According to Meta’s President of Global Affairs Nick Clegg, he said “Two years ago, we took action in what was extreme and highly unusual circumstances,” which was disclosed in a statement posted on the company’s website dating January 6, 2021. According to Clegg, the company’s decision came after evaluating whether there was still a “serious risk to public safety”.
The statement read “We have evaluated the current environment according to our Crisis Policy Protocol, which included looking at the conduct of the US 2022 midterm elections, and expert assessments on the current security environment,”.
“Our determination is that the risk has sufficiently receded and that we should therefore adhere to the two-year timeline we set out.”. It also added that
“As such, we will be reinstating Mr. Trump’s Facebook and Instagram accounts in the coming weeks,”.
Former President Donald Trump was suspended from Meta’s platform after the issue which happened in January. 6, this event which led to a pro-Trump mob violently storming the state’s Capitol building so they can stop the certification of current U.S. president Joe Biden, the winner of the 2020 presidential election, and overturn the results in favor of Trump. In the build-up to and also during the riots, Trump had been posting provocative messages to his followers, which led to him being suspended from various social media platforms.
Facebook founder and CEO Mark Zuckerberg stated in a statement on his Facebook page, during that period “We believe the risks of allowing the President to continue to use our service during this period are simply too great,”.
Immediately after the suspension, Meta moved the Trump case to its Oversight Board, which voted in favor of the suspension but censured the company for not stating clearly whether it was a permanent or temporary suspension and the company for not stating clearly whether it was a permanent suspension or a temporary one. However, if the Oversight Board mandated Meta to declare the timeframe for the suspension. Meta pointed out to the Oversight Board’s decision by adding that it would last for two years and after then, the company would evaluate if the account was still a risk to public safety.
With Meta’s recent announcement reinstating Donald Trump, the company also mentioned that it was adding “new guardrails” to prevent “deter repeat offenses” in the future. Clegg also added that, if Trump or any other reinstated account infringes Meta’s policies on Facebook or Instagram, there will be harsher penalties for a repeat of such offenses. Breaking such rules could result in content removal and a new suspension lasting for as long as a month to two years depending on the degree of the violation.
Meta also added that it will limit the visibility, and reach of certain content and remove the ability to share content that could add to the public risk, even if it doesn’t violate its policies outrightly.
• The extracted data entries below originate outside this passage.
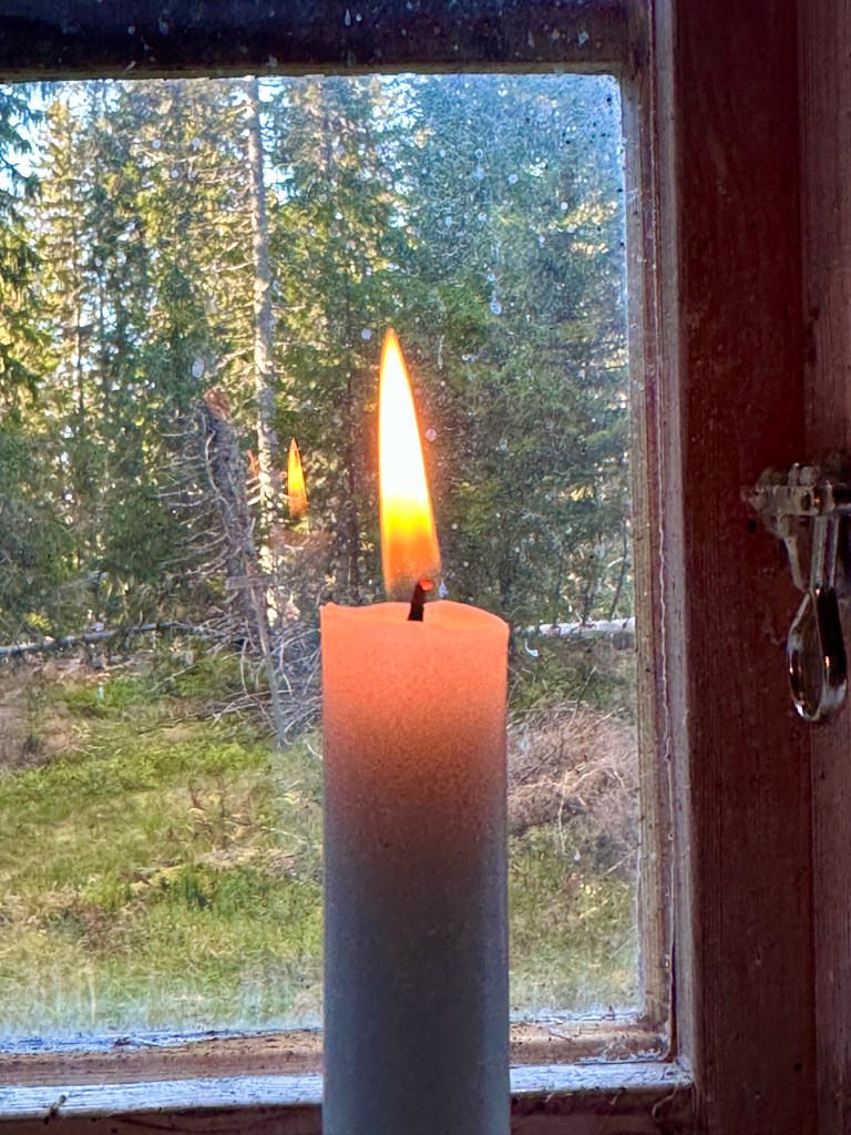 Gott med kaffe i stugan, tände ett ljus och hade en fin stund därinne.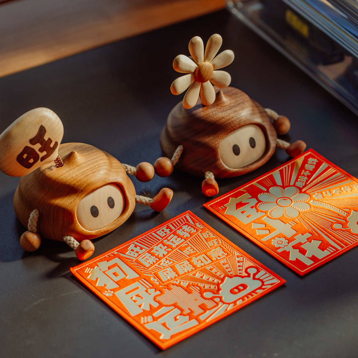 原创搞怪好运礼物礼品奋斗花狗屎运实木桌面摆件车载饰品送男友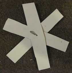 2. colocar las piezas encima de la otra y usar el martillo y clavo para hacer un agujero a través de los centros de las tres piezas.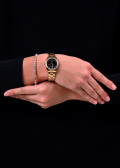 Прямоугольные стрелки в стиле Baton с люминесцентным покрытием, которое светится в темноте после непродолжительной зарядки на свету. Рифленая заводная головка. Надежный стальной браслет матовой и полированной отделки с раскладывающейся застежкой. В комплекте теннисный стальной браслет, украшенный кристаллами.

The company gave examples of content that “delegitimizes an upcoming election or is related to QAnon”.
This decision by Meta to restore Trump’s Facebook and Instagram account is however not a surprise as President of Global Affairs, Nick Clegg, hinted about the possibility of such an occurrence in September 2022, and a month later, Twitter CEO, Elon Musk announced in a tweet that Twitter would reinstate Trump’s account, which gave a hint to what Meta’s decision on the former President’s case would be.
Trump who has been busy with an exclusivity agreement with his own social platform, Truth Social, has not made a single tweet since his account was reinstated on Twitter last year, although, recent reports have disclosed that he might end that agreement, so he could continue to post on other social media platform as he makes preparation for his 2024 presidential campaign.
Criticism has however risen to condemn Meta’s decision on Trump’s reinstatement while citing Trump’s promoting far-right content on Truth Social since he was suspended on Facebook.
Nicole Gill, co-founder and executive director of the advocacy nonprofit Accountable Tech said in a statement “Today, Meta chose to put its own profits above American democracy and the real-world safety of its users,”. He added, “I want to be very clear: there is absolutely no justification for allowing Donald Trump back on Facebook…This is a man who used the platform to incite a deadly insurrection against the United States – and whose behavior has only gotten more dangerous in the years since. Trump has repeatedly used Truth Social to fuel violence, spread election lies, and promote domestic terrorist organizations like QAnon.”.